The Singer and the Sea by Michael Scott Rohan

The Singer and the Sea by Michael Scott Rohan

Author:Michael Scott Rohan [ROHAN, MICHAEL SCOTT]
Language: eng
Format: epub
Tags: Science Fiction
ISBN: 9780575092266
Publisher: Orion Publishing Group
Published: 2015-12-30T23:00:00+00:00


He chose it because its rhythm made it a fine rowing chant as well, and their way perceptibly increased as the night grew cooler. His voice began to fail all too soon, but the tune was simple and repetitive, easy to strum against the rhythmic creak and rattle of the rowlocks and the sluggish splash of the sea. After a while he seemed to sink into it, and lose his conscious thought in the pace of the music, breathing in and out like immense lungs. It was Nils’s ripe oath that jolted him out of his trance.
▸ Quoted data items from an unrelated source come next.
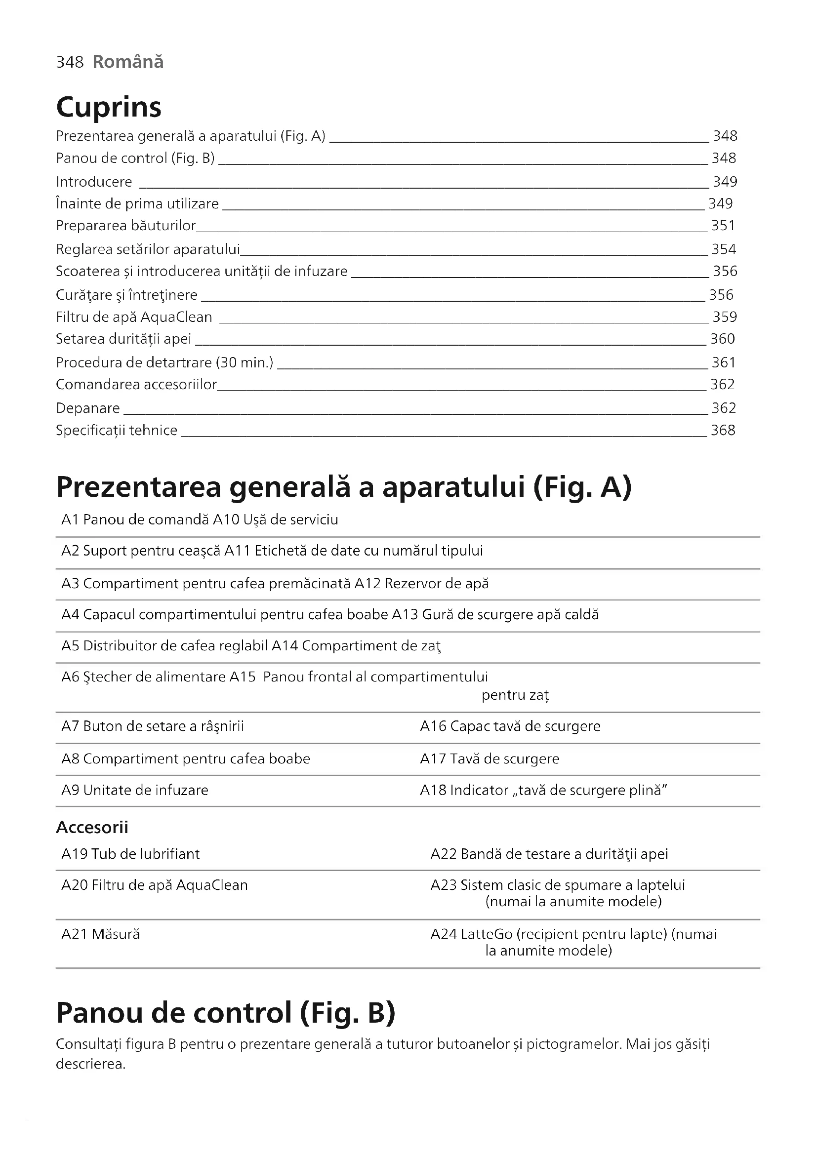 Română Cuprins Prezentarea generală a aparatului (Fig. A) ____________________________________________________ 348 Panou de control (Fig. B) ___________________________________________________________________ 348 Introducere ______________________________________________________________________________ 349 Înainte de prima utilizare __________________________________________________________________ 349 Prepararea băuturilor______________________________________________________________________ 351 Reglarea setărilor aparatului________________________________________________________________ 354 Scoaterea și introducerea unității de infuzare _________________________________________________ 356 Curăţare şi întreţinere _____________________________________________________________________ 356 Filtru de apă AquaClean ___________________________________________________________________ 359 Setarea durității apei ______________________________________________________________________ 360 Procedura de detartrare (30 min.) ___________________________________________________________ 361 Comandarea accesoriilor___________________________________________________________________ 362 Depanare ________________________________________________________________________________ 362 Specificații tehnice ________________________________________________________________________ 368 Prezentarea generală a aparatului (Fig. A) A1 Panou de comandă A10 Uşă de serviciu A2 Suport pentru ceaşcă A11 Etichetă de date cu numărul tipului A3 Compartiment pentru cafea premăcinată A12 Rezervor de apă A4 Capacul compartimentului pentru cafea boabe A13 Gură de scurgere apă caldă A5 Distribuitor de cafea reglabil A14 Compartiment de zaţ A6 Ştecher de alimentare A15 Panou frontal al compartimentului pentru zaț A7 Buton de setare a râşnirii A16 Capac tavă de scurgere A8 Compartiment pentru cafea boabe A17 Tavă de scurgere A9 Unitate de infuzare A18 Indicator „tavă de scurgere plină” Accesorii A19 Tub de lubrifiant A22 Bandă de testare a durităţii apei A20 Filtru de apă AquaClean A23 Sistem clasic de spumare a laptelui (numai la anumite modele) A21 Măsură A24 LatteGo (recipient pentru lapte) (numai la anumite modele) Panou de control (Fig. B) Consultați figura B pentru o prezentare generală a tuturor butoanelor și pictogramelor. Mai jos găsiți descrierea.349 Română Română Unele dintre butoane/pictograme sunt doar pentru tipuri specifice. B1 Buton de pornire/oprire B7 Pictograme avertismente B2 Pictograme băutură* B8 Led de pornire B3 Pictogramă intensitate aromă/cafea pre-măcinată B9 Buton Start/stop B4 Pictogramă cantitate băutură B10 Pictogramă Calc / Clean B5 Pictogramă cantitate lapte (numai la anumite modele) B11 Pictogramă AquaClean B6 Pictogramă temperatură cafea (numai la anumite modele)
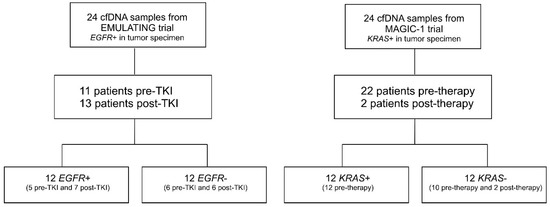 As described in Figure 1, among cfDNAs from EGFR-mutated patients, 11 were collected before TKI therapy (pre-TKI), whereas 13 were obtained during treatment (hereinafter referred to as post-TKI). Twelve cfDNAs carried the same EGFR mutation found in tumor tissue (EGFR+), whereas the remaining 12 samples were EGFR mutation negative (EGFR−). Regarding the 24 cfDNAs from KRAS-mutated patients, all samples were collected before the start of systemic treatment. As reported in Figure 1, 12 cfDNAs were KRAS+ and 12 were KRAS−.
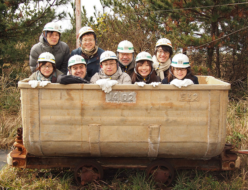 池島を訪れた人たちのガイドも(写真は大阪大学の先生と学生)
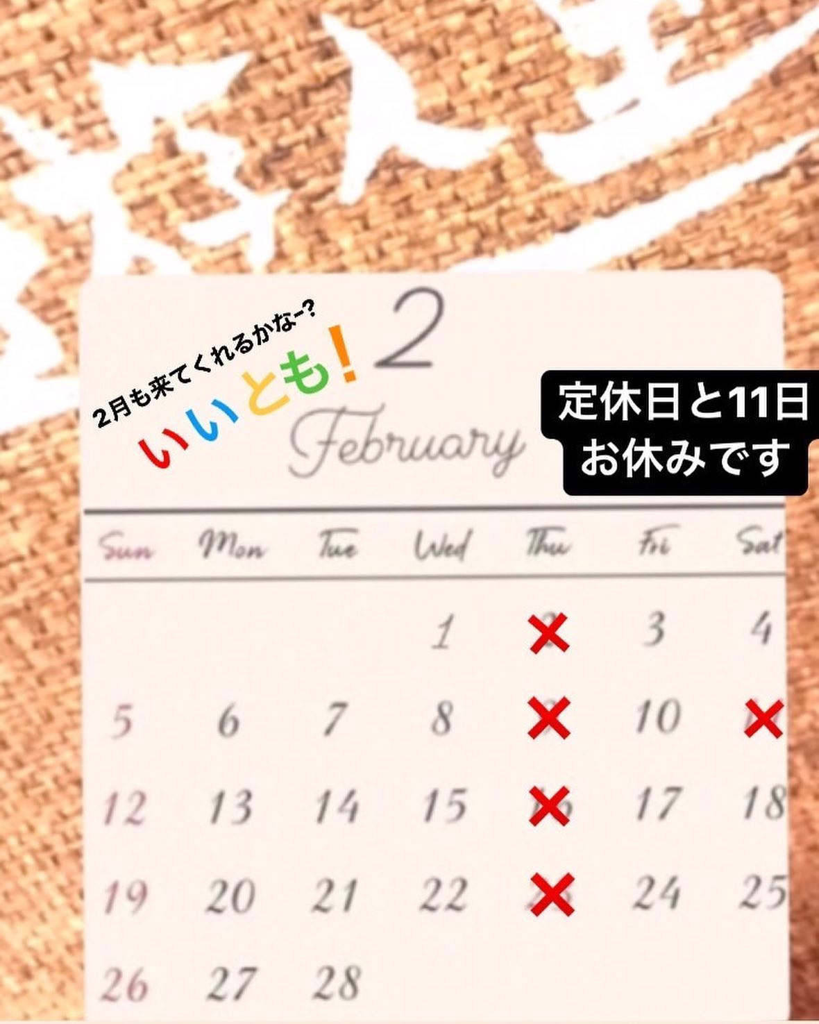 今月のお休みです!
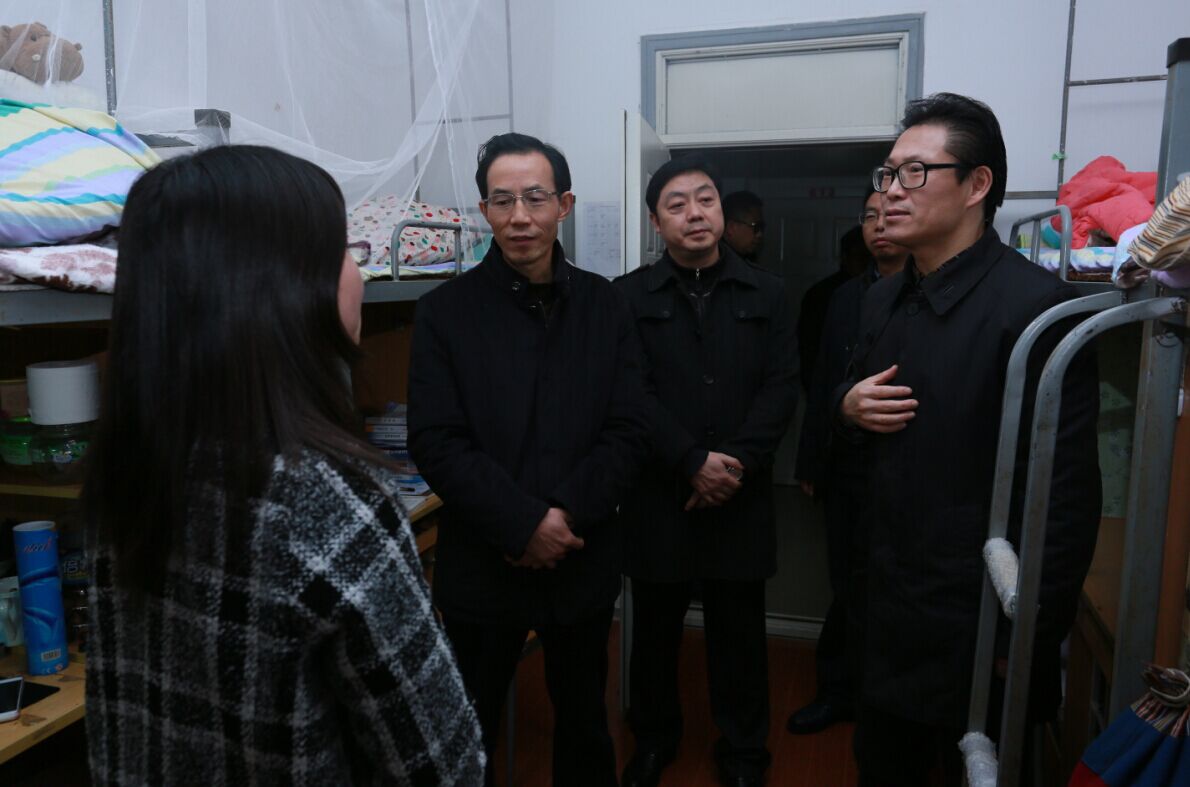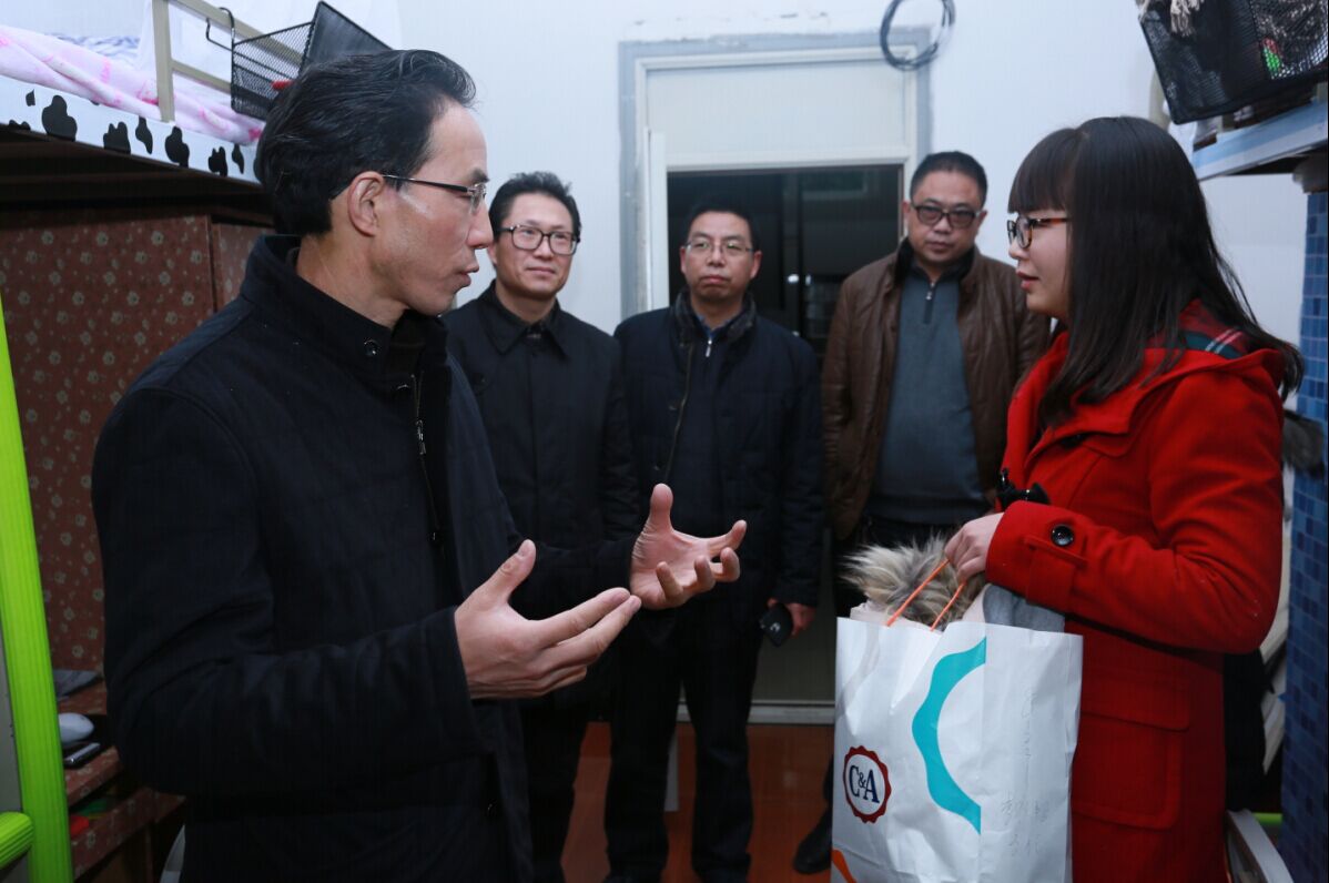 【本网讯】12月22日下午,为深入了解学生生活情况,学校党委书记赖廷谦、校长周激流带队到龙泉校区和航空港校区学生宿舍看望、慰问家庭经济困难学生,送去冬日的温暖和学校的关怀。一行陪同慰问的还有副校长于世祥、向武,学生工作处、后勤管理处、驻校选培办负责人,相关学院的党总支书记和辅导员。
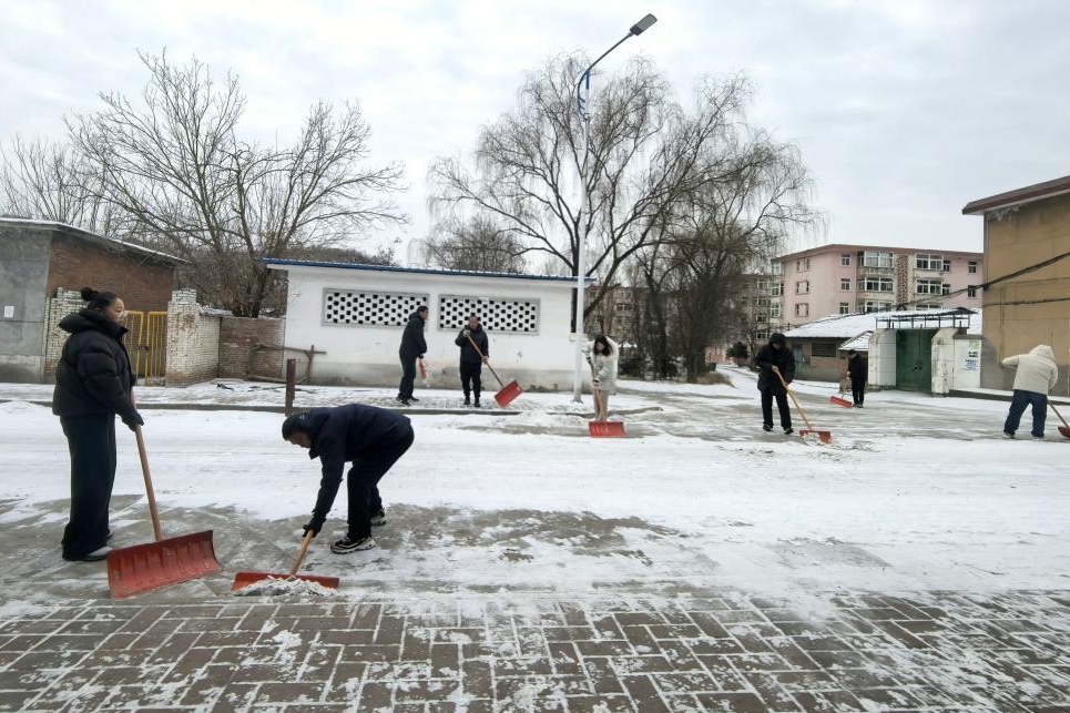 除雪小組的工作人員手持鐵鍬、推雪板、掃帚等工具,冒著凜冽寒風(fēng)開始作業(yè),有的揮舞鐵鍬破冰鏟雪,有的推著推雪板清理積雪,有的用掃帚細(xì)致清掃殘余冰雪,分工協(xié)作、有條不紊。冰冷的雪花落在臉上、鉆進(jìn)衣領(lǐng),浸濕了衣物,但大家絲毫沒有退縮,干勁十足,現(xiàn)場一派熱火朝天的勞動景象。經(jīng)過全體工作人員三小時(shí)的連續(xù)奮戰(zhàn),小區(qū)內(nèi)各主干道、出入口及重點(diǎn)區(qū)域的積雪已全部清理完畢,道路恢復(fù)暢通,確保了居民正常出行不受影響。

‘By the Sea-Daughters’ short an’ curlies! Look at the sail!’

For a moment Gille thought it was some effect of the air as they pulled. But the canvas was filling and billowing on its own, beginning to strain at the sheets and give them some way.

‘No, don’t stop playing, skipper,’ grated the sailing master. ‘Whatever you do! Sing some more, even.’

‘I’m too dry,’ croaked Gille.

‘Whistle, then!’ snarled Nils, and took up the tune a moment in his own toneless whistle. ‘Wind for wind, that’s old sea-lore.’

‘It makes sense,’ admitted Gille, and licked his lips to try and catch the tune. He felt foolish, but as others joined in, the tone of the kantel seemed to pick it up and grow stronger, and he could feel the breeze on his cheeks, hot as a girl’s breath. As Utte’s, anyhow; the Other’s had been cooler, perhaps. What was Utte doing now? What was she thinking about?

A vision came to him with startling clarity – Utte, on the high leads of the old farmhouse, gazing far out to the distant sea. The sight of her, with her brown hair whipping about her eyes in the sea breeze, wrung his heart and pricked his conscience, and he struggled to blot it out. The other girl – what of her?

Nothing came save darkness. Infinite darkness, though it was tinged with a coolness and peace he found achingly welcome. But it was overwhelmingly strange, and there was a sense of motion in it also, of great masses churning in the blackness, mighty and slow; and he fought clear of that also. If these were truly visions shown him by the strange music under his hands, what could that one mean?

Far better let the old tune carry him back to where he had first heard it. His first bewildered day as prentice in the smithy of his new master, Kunrad the Armourer, learning to pull the bellows, to make the hearthflame leap beneath the crucibles dangling from their chains, ready to tip out their molten brews. Learning that song, then, from the thickset fellow-apprentice with the red-brown skin who was the enormous span of eleven months senior to himself, and who would become, after a fashion, his best friend. Could the music tell where he was now?

Gille found himself afraid to wonder. But it would be good to know Olvar still lived. He looked towards the horizon, past the skeletal shadows of the mizzenmast and loading boom to the still stiffening mainsail, tinged with starlight.